20.2.3.   Exhibit D5 is titled: ‘Floating Mega Stations (FMS) Operational Procedures’, and it is at pages 527 to 528 of the record. Section 1.6.0 thereof is on the ‘Rights of intervention’; sections 1.6.1 and 1.6.2 of this exhibit state the following:

 

1.6.1 - During the course of normal operation, if NNPC representatives are of the view that the conduct of the affairs at the FMS is substantially at variance with agreed operating procedure and standards, this matter shall be promptly brought to the attention of the Dealer-Haulier of the station for immediate remedy. If NNPC Representatives are still dissatisfied, the NNPC shall have the right to instruct the station Management to suspend sales and all other operation until such a time when the issues complained of are restored. In all instances, even when the problem has been satisfactorily addressed, the occurrence of the situation may be brought to the attention of the Dealer-Haulier by NNPC, at least for record purposes.

 

1.6.2 -   Where the employers of the Dealer-Haulier or any other persons engaged in the course of operating the FMS are found to exhibit conduct usually associated with retail operations, NNPC shall have the right to instruct the station management to disengage such person immediately and replace them with other competent personnel.

 

20.2.4.   Based on the content of Exhibit C.5 as shown above, it is evident that the defendant had a responsibility to oversee the operation of FMS Nembe. Additionally, it is clear that the Claimant folloed the directives of the Defendant at FMS Nembe at the material time. With the testimony of the Claimant in paragraph 14 of his sworn statement and the Defendant’s acknowledgment that Zed Energy Ltd and its staff, Victor Ekwe were responsible for the fraud, resulting in a loss of N243,120,944.00 at FMS, Nembe, it is apparent that the Claimant did not independently appoint Mr.Victor Ekwe but he acted under the guidance of his superior Mr. Ladipo Fagbola the GM of FMS Nembe. Mr Fagbola chose to retain the staff of Zed Energy staff, including Mr. Victor Ekwe, due to their familiarity with the environment, indicated in paragraphs 5, 20 and 21 of the Further Amended Statement of Defence and paragraphs 5.1.2, 5.1.23 and 5.1.29 of the Defendant’s Final Written Address.

 

20.2.5.   Additionally, I find that the NNPC Management was fully aware of the retention of all the said staff of Zed Energy because, it was the GM, FMS; Mr.
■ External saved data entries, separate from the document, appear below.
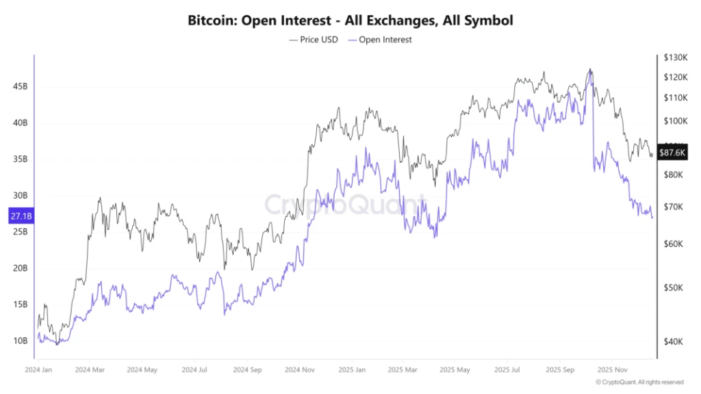 This price movement coincided with substantial expansion in futures market positioning, with open interest nearly doubling during Q4 after remaining relatively stable throughout most of the year. Despite this, follow-through proved limited.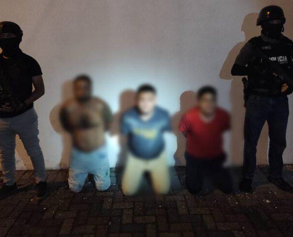 Imagen de tres capturados por el rescate de una mujer en la provincia de Manabí, cerca de la represa Daule-Peripa.( )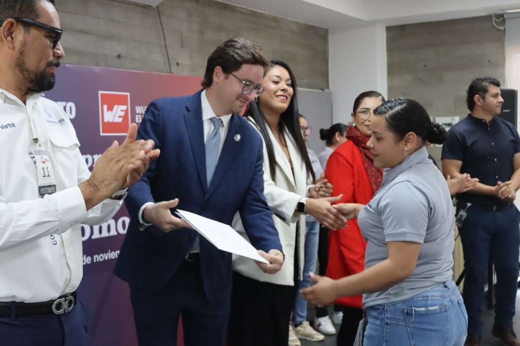Guanajuato, Gto., 17 de noviembre del 2025.- El Gobierno de la Gente, a través de la Secretaría de Economía entregó constancias a 11 mujeres de la empresa Würth que concluyeron con éxito su capacitación en Ensamble y Manufactura de Piezas Automotrices, a través del programa Bécat.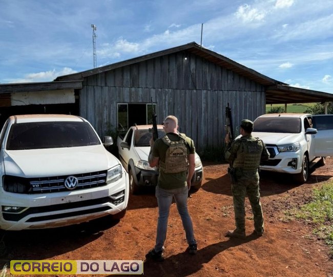 No interior da propriedade, os policiais encontraram duas caminhonetes, uma Toyota Hilux e uma VW Amarok, ambas brancas, completamente carregadas com substância análoga à maconha. Em diligências complementares, um terceiro veículo, uma Fiat Strada, também branca, foi localizado em uma propriedade próxima, situada no sentido da rota de fuga do suspeito.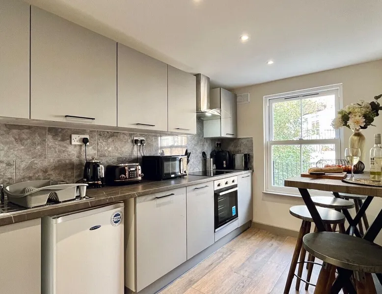 ✪ Prime Location with Easy Access to Public Transport ✪ Double Bed ✪ Modern Bathroom with Luxury Finishes ✪ Kitchenette Tea/Coffee Facilities & Fridge-Freezer ✪ Shared Full Kitchen In The Building ✪ High-Speed WiFi & Smart TV for Relaxation ✪ Premium Co-living Studio near Battersea Park ✪ We Can Accommodate Large Groups – 9 Studios Available ✪ Self-Check-In via Keynest for Hassle-Free Entry ✪ Perfect for Both Business & Leisure Travelers ✪ Short Walk to Dining, Shopping, & Cultural Attractions Welcome to your Premium Co-Living Experience Near Battersea Park Our thoughtfully designed studio offers more than just a place to stay—it's a space where comfort, community, and convenience come together for the modern traveller. Ideally located steps from vibrant Battersea High Street and near the lush Battersea Park, this stylish retreat is perfect for travellers looking to experience the best of London. Whether you're visiting for work or leisure, this thoughtfully designed space ensures your comfort and convenience. ➤ Living Area Cozy double bed with plush linens for a restful night's sleep Ambient lighting, chic décor, and a seating area for relaxing Smart TV with access to streaming services High-speed Virgin broadband to stay connected Work-friendly desk space, ideal for business travellers. ➤ Kitchenette Tea and coffee-making facilities to start your day right Fridge-freezer for storing your snacks and drinks Access to communal kitchens, fully equipped with microwaves, toasters, and kettles, so you can easily prepare meals. ➤ Bathroom Modern bathroom with stylish fixtures and finishes Fresh towels, toiletries, and a rainfall shower for a touch of luxury ➤ Amenities The washing machine and dryer are available in the communal kitchen on the 2nd floor (shared during sociable hours) Electrical radiator with adjustable temperature to ensure year-round comfort ➤ Access & Security Easy self-check-in via Keynest, allowing for a seamless arrival experience Comprehensive fire alarm system and emergency lighting for your safety. ➤ Location & Transport Battersea Park: Just a 13-minute walk for leisurely strolls and outdoor activities. Clapham Junction Station: A 9-minute walk, giving you quick access to Central London. Local bus stop a minute away, making it easy to explore the city. Nearby car parks available for additional fees, as there is no on-site parking. Our beautiful studio is surrounded by some of London’s top dining and cultural hotspots, including the vibrant Northcote Road and the iconic Battersea Power Station development, both just a short drive away. Whether you're staying for a few days or an extended period, our property offers the perfect blend of comfort, style, and convenience. Our mission is to provide a premium co-living experience, blending exceptional service with a sense of connection. Whether you’re here for business or pleasure, we strive to make every guest feel at home, surrounded by a welcoming community. With 9 studio units available, we can accommodate large groups and longer stays—contact us for competitive rates and book your unforgettable London experience today! The entire space is included in this listing. Please, make yourself at home. Self-check-in through Keynest for smooth access but we are a phone call away if needed. The keys can be collected from a nearby KeyNest location, which has limited hours of accessibility. You will receive the collection code shortly before arrival, once ID verification is complete. ✪ There are fully equipped communal kitchens in the building for your use. Please note you can meet other guests there. ✪ The apartment building is located on Battersea High Street which is a vibrant & bustling pedestrian street. ✪ There is no mailing service available. ✪ Get your daily step count with stair-only access in this building. ✪ This property requires a £500 refundable security deposit, with an alternative option of a £30 non-refundable deposit waiver. The security deposit is refunded within 14 working days post check-out, assuming no damage to the property. Superhog, our deposit management partner, will contact our guests to collect the payments on our behalf. This step is necessary to receive check-in instructions. We advise guests to complete this process before arrival to ensure a smooth check-in experience. Thank you for your cooperation. ✪ Important: Before you arrive you will be asked to complete guest verification through third-party provider Superhog. This is done to ensure we are keeping up-to-date with short-term rental regulations as well as providing both our guests and our properties with extra protection. Superhog will contact you via email and/or text to complete the verification. Please do so before arriving at the property to enable a quick and easy check-in process. ✪ Please wash your dishes and clean up after yourself in the communal kitchens. ✪ Please keep noise levels low for your neighbours and fellow guests. ✪ No smoking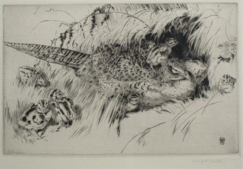 Hen pheasant with chicks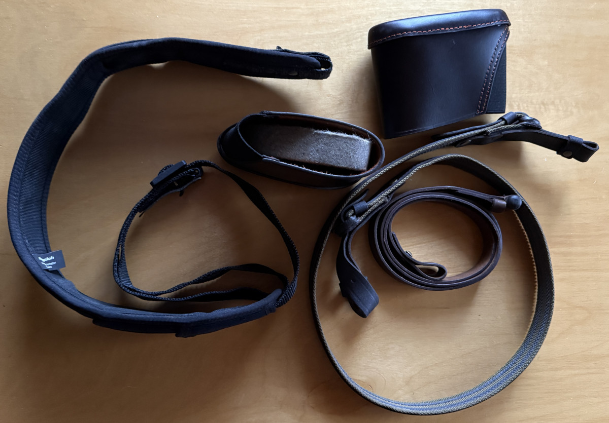 Konvolut: drei Gewehrriemen, zwei aufsteckbare Schaftverlängerungen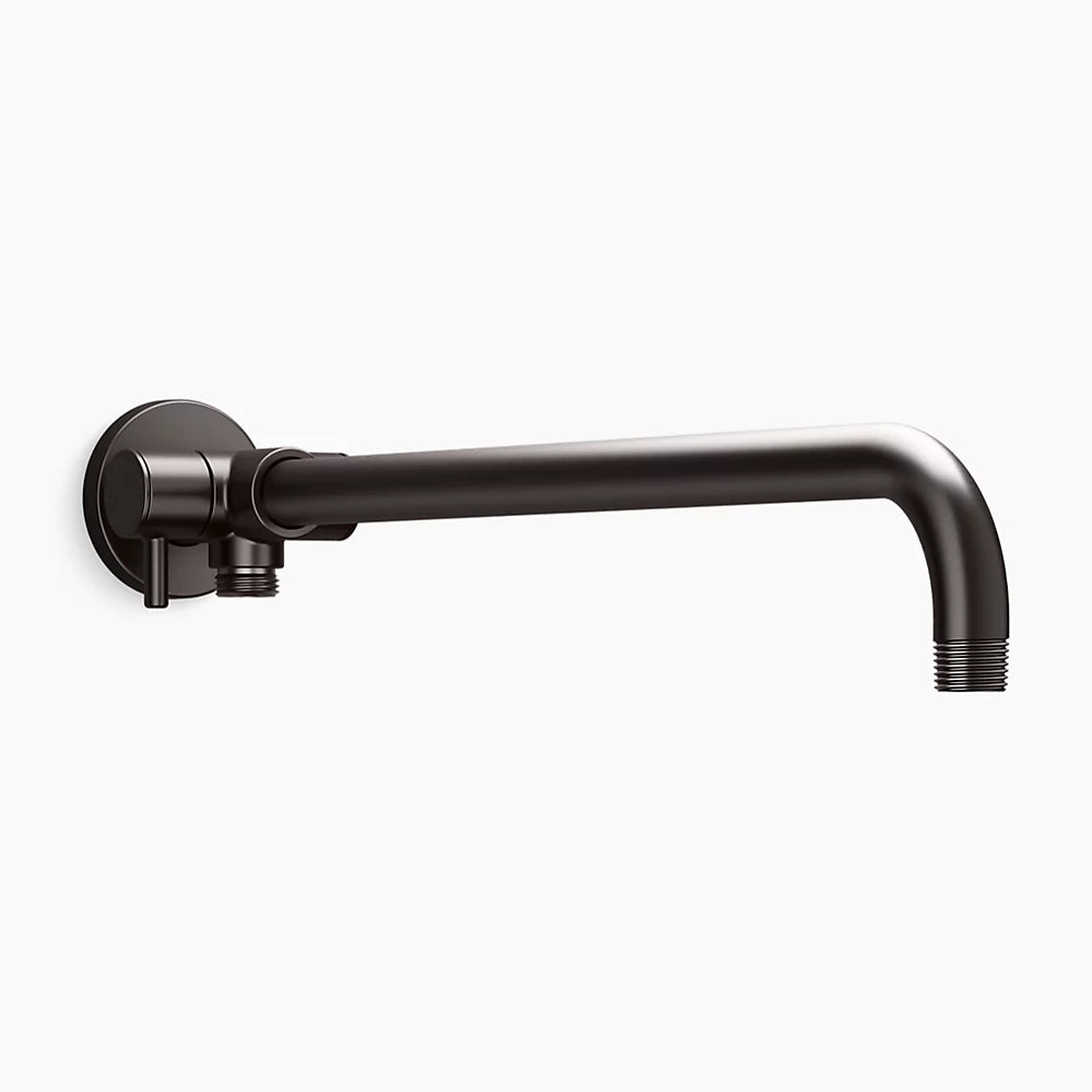 This shower arm includes a diverter that makes it easy to switch the water flow from rainhead to handshower or to run both at the same time.

Ladipo Fagbola, the Claimant’s direct boss who preferred to work with the suspended Zed Energy and it staff including the controversial Victor Ekwe. Consequently, I hold that the Claimant was not negligent at all in retaining Victor Ekwe in the FMS Nembe because he acted on the instruction of his boss, Mr. Ladipo Fagbola. I further hold that the Claimant cannot be held to be responsible for the alleged negligence in view of the provisions of paragraphs 1.6.1 and 1.6.2 of Exhibit D.5. Consequently, I hold that the Claimant is not negligent at all for the loss of the sum of N243,120,944.00 for continuing to use the staff of Zed energy, particularly Mr. Victor Ekwe as argued by the Defendant. And finally on this issue, I hold that the Defendant failed woefully to prove its case of Criminal or gross Negligence against the Claimant in this case.

 

 

 

 

 

21.0. ISSUE TWO:

Was the suspension of the Claimant in line with the provisions of Exhibit C.30 - the Corporate Policy and Procedure Guide (CPPG) at 319? Was his subsequent dismissal wrongful and unlawful?

 

21.0. Was the Suspension of the Claimant from Work Proper?

 

21.1.    In his first and second reliefs, the Claimant seeks a declaration that his suspension and eventual dismissal from work were wrong and unlawful. He also praying for an Order of Court setting aside the alleged suspension and subsequent dismissal.

 

21.1.1.    The law places the onus on an employee who alleges the wrongful determination of his employment to put before the Court the terms of the contract of employment before proceeding to prove the manner of its breach by the employer. It is not the duty of the Defendant to prove these terms. The case of a Claimant stands or falls upon his own evidence and not upon the weakness of the defence, because he who asserts must prove; see the cases of: Kwara State Civil Service Commission & Ors v. Abiodun & Ors [2009] LPELR-8900(CA) (Pp. 56-69 paras. E-E) and West African Examination Counsel v. Oshionebo [2015] 55 NLLA (Pt 187) 165 at 189-At 199 paras C-E.

 

21.1.2.               Exhibit C.30 before the Court is the NNPC’s (the Defendant’s) Corporate Policy and Procedure Guide (CPPG), it is at pages 260 to 373 of the record.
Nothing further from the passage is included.